When two flanges are fastened together, the elastomer is compressed to a precise percentage of its uncompressed length. Compressing the elastomer increases its diameter equal to the diameter of the center conductor producing a constant impedance over its length. Unlike threaded outer conductor coaxial connector systems, the flange mount coaxial connector system flange provides a robust, mechanically stable mount which minimizes electrical performance changes with mechanical torque (torque sensitivity) due to heavy devices under test (DUTs) attached to the connector system.
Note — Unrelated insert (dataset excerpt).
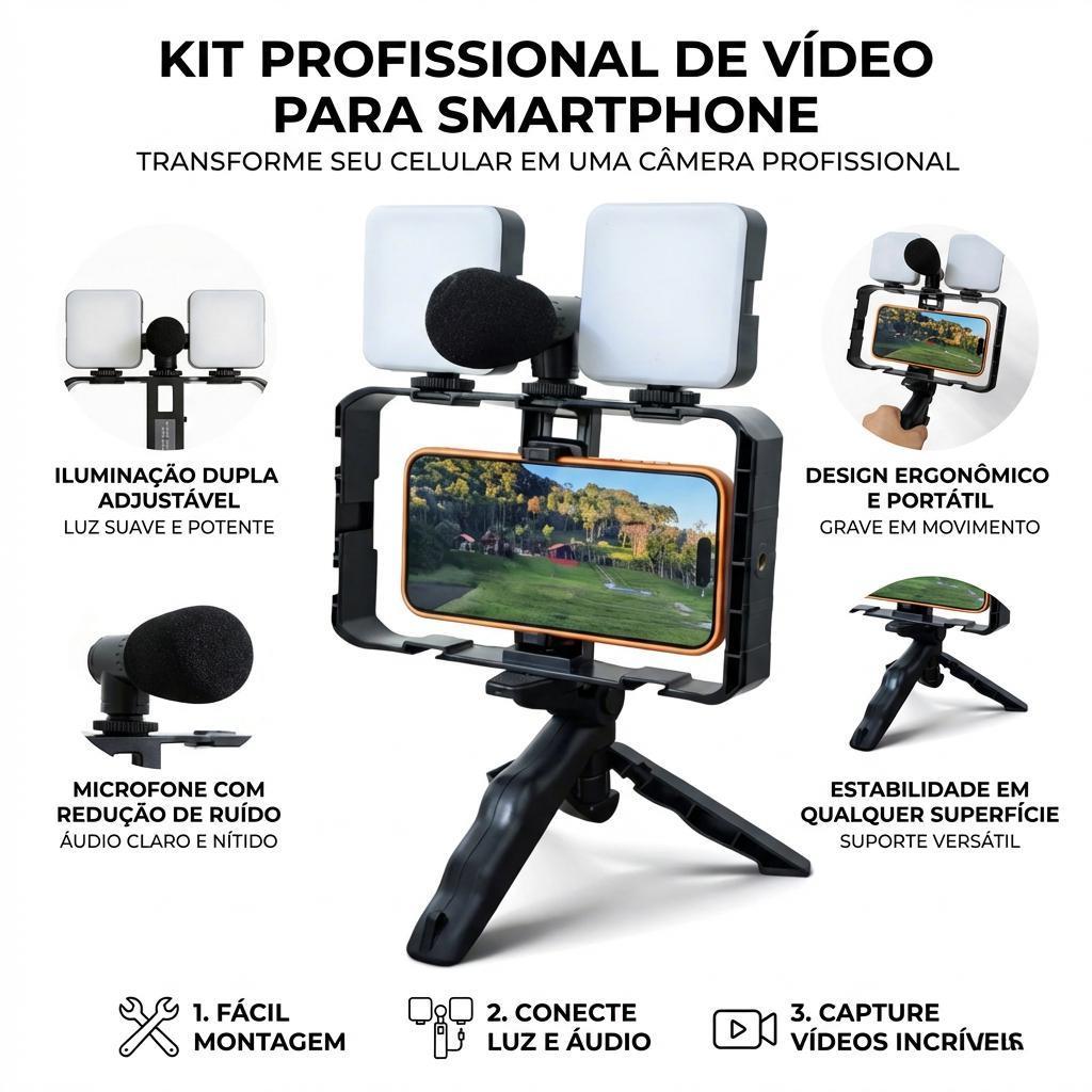 Kit Estabilizador de Vídeo com Gaiola e Tripé para Celular e Câmera - Suporte Profissional para Live e Vlog

The previous description of the preferred embodiments is provided to enable any person skilled in the art to make or use the embodiments of the present invention. While the invention has been particularly shown and described with reference to preferred embodiments thereof, it will be understood by those skilled in the art that various changes in form and details may be made therein without departing from the spirit and scope of the invention.

Claims

1. A coaxial high-frequency connector comprising:

a flange which comprises a first outer layer, a second outer layer, and an inner layer;
four bores passing through the flange for aligning the flange with guide pins of two mating interfaces;
a center bore in the flange, wherein the inner layer of the flange comprises, on each side, a relief surrounding the center bore;
a center conductor assembly captive in the center bore of the flange;
the center conductor assembly comprising a conductor element;
the center conductor assembly further comprising two annular polymer beads, each bead having a central bore which receives and engages the conductor element;
wherein the reliefs in the inner layer of the flange are configured to receive the annular polymer beads such that, when the first outer layer and a second outer layer are bonded to the inner layer, the beads are secured within the flange on either side of the inner layer and the conductor element is held captive in the center of the center bore of the flange; and
an elastomer contact conductively bonded to each end of conductor element.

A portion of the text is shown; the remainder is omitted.